# EXERCISE OBJECTIVE:
An exact repetition of the data is required; no picture should appear in it.

# EXCERPTED RECORDS:
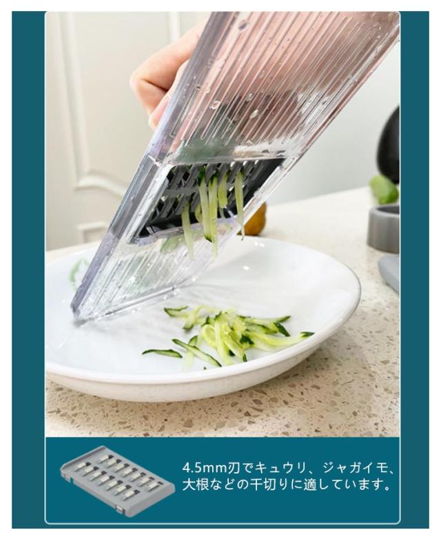 野菜カッター 千切り きゅうり スライサー 平切り 細切り せん切り器 調理道具セット 千切り 薄切り 片切り せん切り器 せん切り 厚さ調節 手動 使用簡単 キャベツ 玉ねぎ 調理器セット 人参 大根 じゃがいも
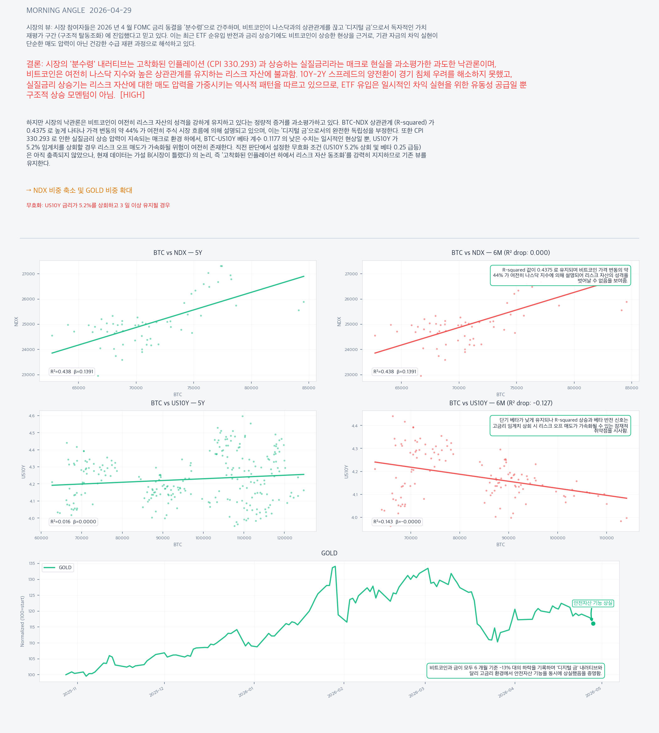 하지만 시장의 낙관론은 비트코인이 여전히 리스크 자산의 성격을 강하게 유지하고 있다는 정량적 증거를 과소평가하고 있다. BTC-NDX 상관관계 (R-squared) 가 0.4375 로 높게 나타나 가격 변동의 약 44% 가 여전히 주식 시장 흐름에 의해 설명되고 있으며, 이는 '디지털 금'으로서의 완전한 독립성을 부정한다. 또한 CPI 330.293 로 인한 실질금리 상승 압력이 지속되는 매크로 환경 하에서, BTC-US10Y 베타 계수 0.1177 의 낮은 수치는 일시적인 현상일 뿐, US10Y 가 5.2% 임계치를 상회할 경우 리스크 오프 매도가 가속화될 위험이 여전히 존재한다. 직전 판단에서 설정한 무효화 조건 (US10Y 5.2% 상회 및 베타 0.25 급등) 은 아직 충족되지 않았으나, 현재 데이터는 가설 B(시장이 틀렸다) 의 논리, 즉 '고착화된 인플레이션 하에서 리스크 자산 동조화'를 강력히 지지하므로 기존 뷰를 유지한다.
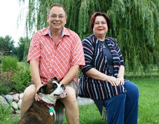 Mandy with Prof. Minna Rozen of Haifa University. With them is Venus, a matriarch to a tribe of 15 boxers.
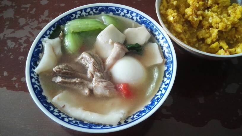 旁边还有这碗我妈做的排骨面片汤……还是先吃面吧
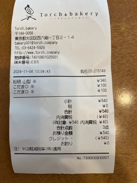 食事系のパンを買いたかったのですが、祝日の昼過ぎで売り切れが多かったようです。評判のよい松明食パンと、こだま2個を購入しました。
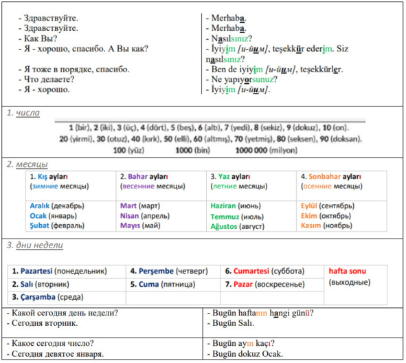 2. Завершив работу над уроком 1, следует, помимо занятий по данному учебнику, факультативно заниматься по книге одноимённого автора «Турецкий язык. Разговорный курс. Книга 1», план занятий расписан в данном учебнике (см. задания типа «Разговорный блок. Интервью 1», «Разговорный блок. Интервью 2» и т. п.).

# RESPONSE AREA:
 野菜カッター 千切り きゅうり スライサー 平切り 細切り せん切り器 調理道具セット 千切り 薄切り 片切り せん切り器 せん切り 厚さ調節 手動 使用簡単 キャベツ 玉ねぎ 調理器セット 人参 大根 じゃがいも
 하지만 시장의 낙관론은 비트코인이 여전히 리스크 자산의 성격을 강하게 유지하고 있다는 정량적 증거를 과소평가하고 있다. BTC-NDX 상관관계 (R-squared) 가 0.4375 로 높게 나타나 가격 변동의 약 44% 가 여전히 주식 시장 흐름에 의해 설명되고 있으며, 이는 '디지털 금'으로서의 완전한 독립성을 부정한다. 또한 CPI 330.293 로 인한 실질금리 상승 압력이 지속되는 매크로 환경 하에서, BTC-US10Y 베타 계수 0.1177 의 낮은 수치는 일시적인 현상일 뿐, US10Y 가 5.2% 임계치를 상회할 경우 리스크 오프 매도가 가속화될 위험이 여전히 존재한다. 직전 판단에서 설정한 무효화 조건 (US10Y 5.2% 상회 및 베타 0.25 급등) 은 아직 충족되지 않았으나, 현재 데이터는 가설 B(시장이 틀렸다) 의 논리, 즉 '고착화된 인플레이션 하에서 리스크 자산 동조화'를 강력히 지지하므로 기존 뷰를 유지한다.
 Mandy with Prof. Minna Rozen of Haifa University. With them is Venus, a matriarch to a tribe of 15 boxers.
 旁边还有这碗我妈做的排骨面片汤……还是先吃面吧
 食事系のパンを買いたかったのですが、祝日の昼過ぎで売り切れが多かったようです。評判のよい松明食パンと、こだま2個を購入しました。
 2. Завершив работу над уроком 1, следует, помимо занятий по данному учебнику, факультативно заниматься по книге одноимённого автора «Турецкий язык. Разговорный курс. Книга 1», план занятий расписан в данном учебнике (см. задания типа «Разговорный блок. Интервью 1», «Разговорный блок. Интервью 2» и т. п.).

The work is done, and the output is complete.